Exercise materials
--- START ---

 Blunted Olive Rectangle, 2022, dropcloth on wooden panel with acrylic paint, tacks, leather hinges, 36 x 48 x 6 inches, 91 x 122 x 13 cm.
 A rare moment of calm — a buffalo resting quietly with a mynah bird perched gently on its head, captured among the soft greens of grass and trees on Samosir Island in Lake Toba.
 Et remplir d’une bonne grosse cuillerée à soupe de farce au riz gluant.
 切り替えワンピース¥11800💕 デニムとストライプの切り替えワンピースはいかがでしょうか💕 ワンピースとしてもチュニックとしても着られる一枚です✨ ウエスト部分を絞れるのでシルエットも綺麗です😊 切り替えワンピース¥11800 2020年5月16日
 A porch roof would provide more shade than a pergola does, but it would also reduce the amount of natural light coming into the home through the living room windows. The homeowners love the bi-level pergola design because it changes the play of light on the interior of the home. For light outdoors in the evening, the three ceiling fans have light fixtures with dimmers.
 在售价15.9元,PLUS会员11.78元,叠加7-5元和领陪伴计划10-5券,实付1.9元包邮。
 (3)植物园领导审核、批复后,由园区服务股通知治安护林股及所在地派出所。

--- END ---
--- START ---

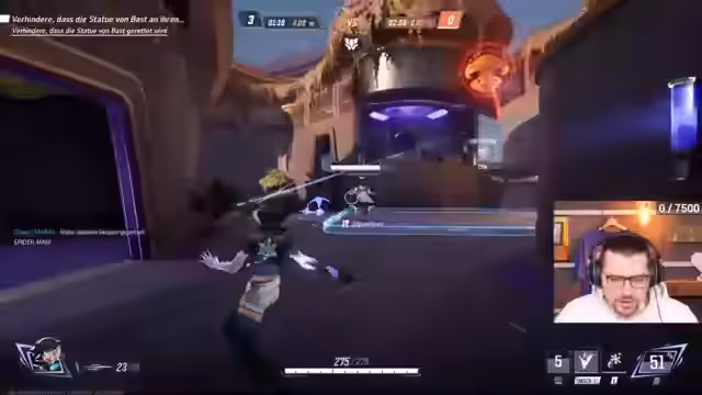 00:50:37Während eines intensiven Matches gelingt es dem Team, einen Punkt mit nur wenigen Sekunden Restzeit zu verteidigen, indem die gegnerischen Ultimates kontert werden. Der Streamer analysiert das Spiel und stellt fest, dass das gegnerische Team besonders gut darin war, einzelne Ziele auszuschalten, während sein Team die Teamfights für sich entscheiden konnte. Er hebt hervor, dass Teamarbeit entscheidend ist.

--- END ---
--- START ---

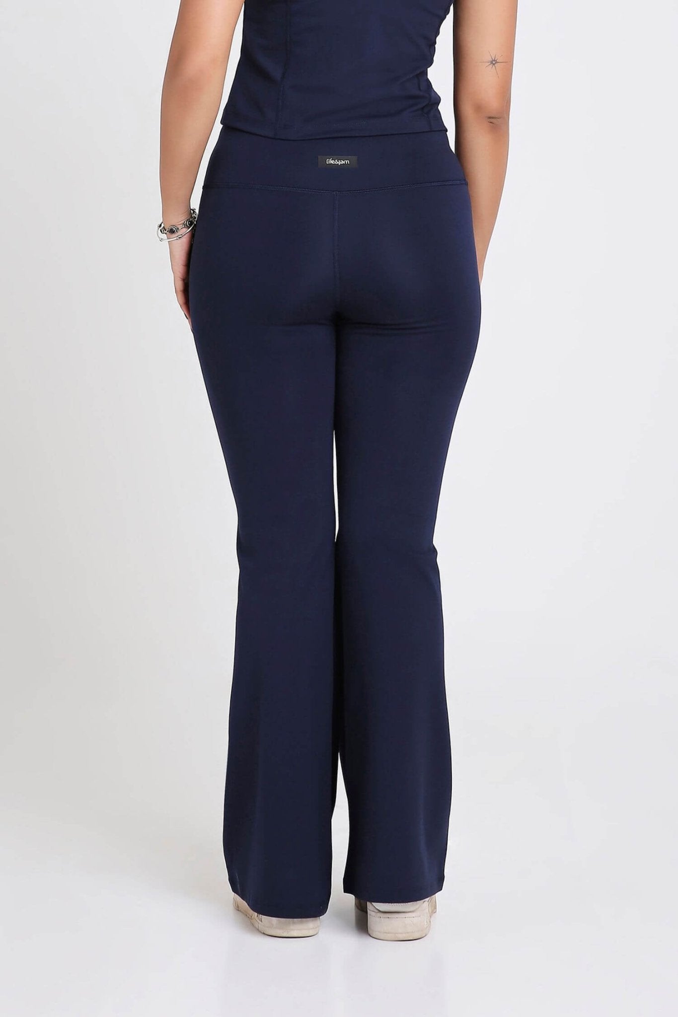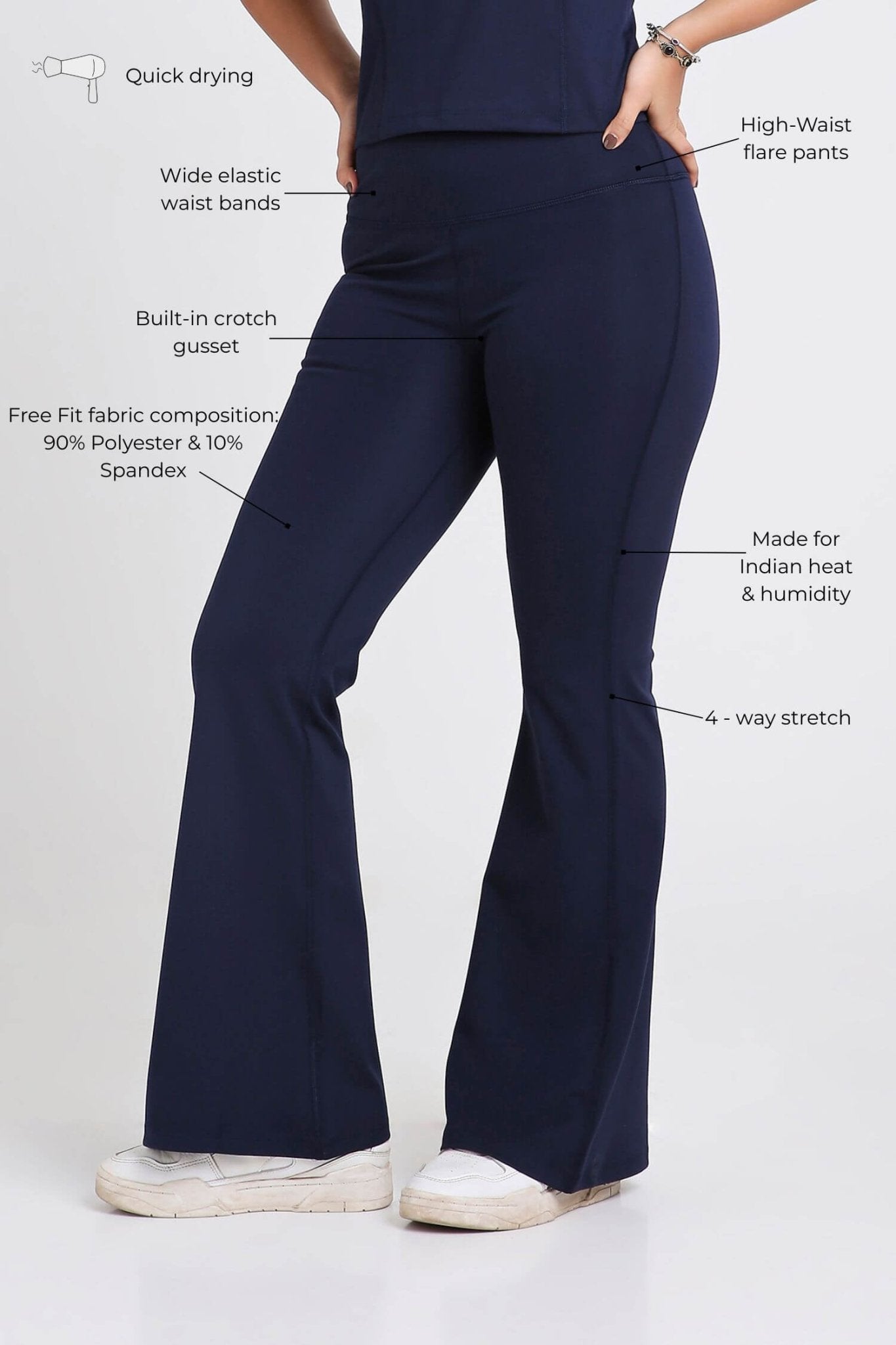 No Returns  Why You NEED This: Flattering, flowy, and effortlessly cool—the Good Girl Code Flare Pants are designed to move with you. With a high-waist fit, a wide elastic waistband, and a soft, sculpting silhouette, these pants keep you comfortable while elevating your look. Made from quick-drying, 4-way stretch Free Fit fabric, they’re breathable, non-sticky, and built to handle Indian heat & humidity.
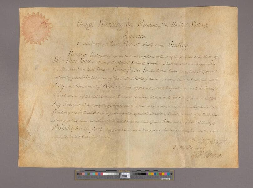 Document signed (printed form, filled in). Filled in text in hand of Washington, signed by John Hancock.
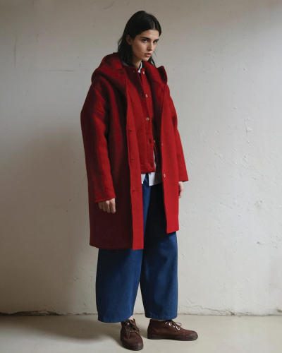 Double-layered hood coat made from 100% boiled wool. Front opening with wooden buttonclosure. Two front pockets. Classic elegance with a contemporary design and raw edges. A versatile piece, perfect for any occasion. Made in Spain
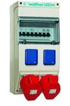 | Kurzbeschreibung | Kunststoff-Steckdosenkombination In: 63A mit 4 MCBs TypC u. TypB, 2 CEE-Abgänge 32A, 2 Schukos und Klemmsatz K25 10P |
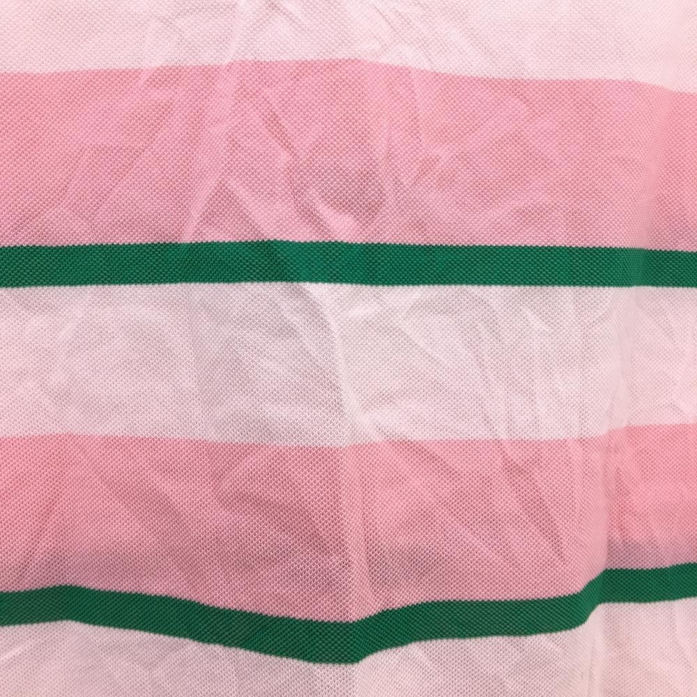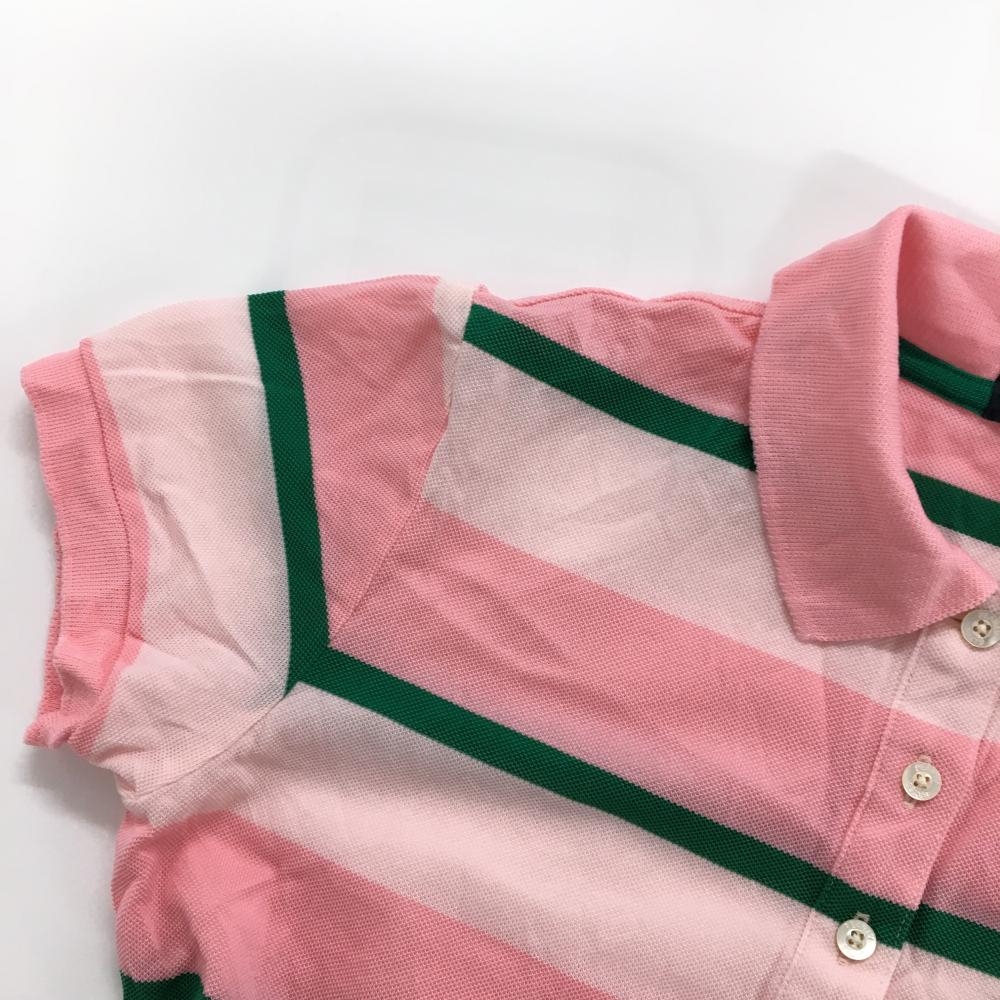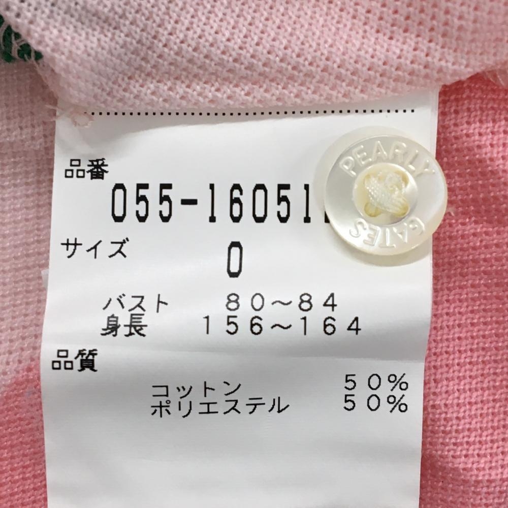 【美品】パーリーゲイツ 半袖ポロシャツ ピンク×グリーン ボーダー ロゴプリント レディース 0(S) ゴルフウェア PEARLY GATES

--- END ---

Problem statement
In the listing above, find the line containing "No Returns  Why" and the line containing "ゴルフウェア PEARLY GATES". Reproduce those lines and all between them exactly, with no pictures and nothing more.

Written answer
 No Returns  Why You NEED This: Flattering, flowy, and effortlessly cool—the Good Girl Code Flare Pants are designed to move with you. With a high-waist fit, a wide elastic waistband, and a soft, sculpting silhouette, these pants keep you comfortable while elevating your look. Made from quick-drying, 4-way stretch Free Fit fabric, they’re breathable, non-sticky, and built to handle Indian heat & humidity.
 Document signed (printed form, filled in). Filled in text in hand of Washington, signed by John Hancock.
 Double-layered hood coat made from 100% boiled wool. Front opening with wooden buttonclosure. Two front pockets. Classic elegance with a contemporary design and raw edges. A versatile piece, perfect for any occasion. Made in Spain
 | Kurzbeschreibung | Kunststoff-Steckdosenkombination In: 63A mit 4 MCBs TypC u. TypB, 2 CEE-Abgänge 32A, 2 Schukos und Klemmsatz K25 10P |
 【美品】パーリーゲイツ 半袖ポロシャツ ピンク×グリーン ボーダー ロゴプリント レディース 0(S) ゴルフウェア PEARLY GATES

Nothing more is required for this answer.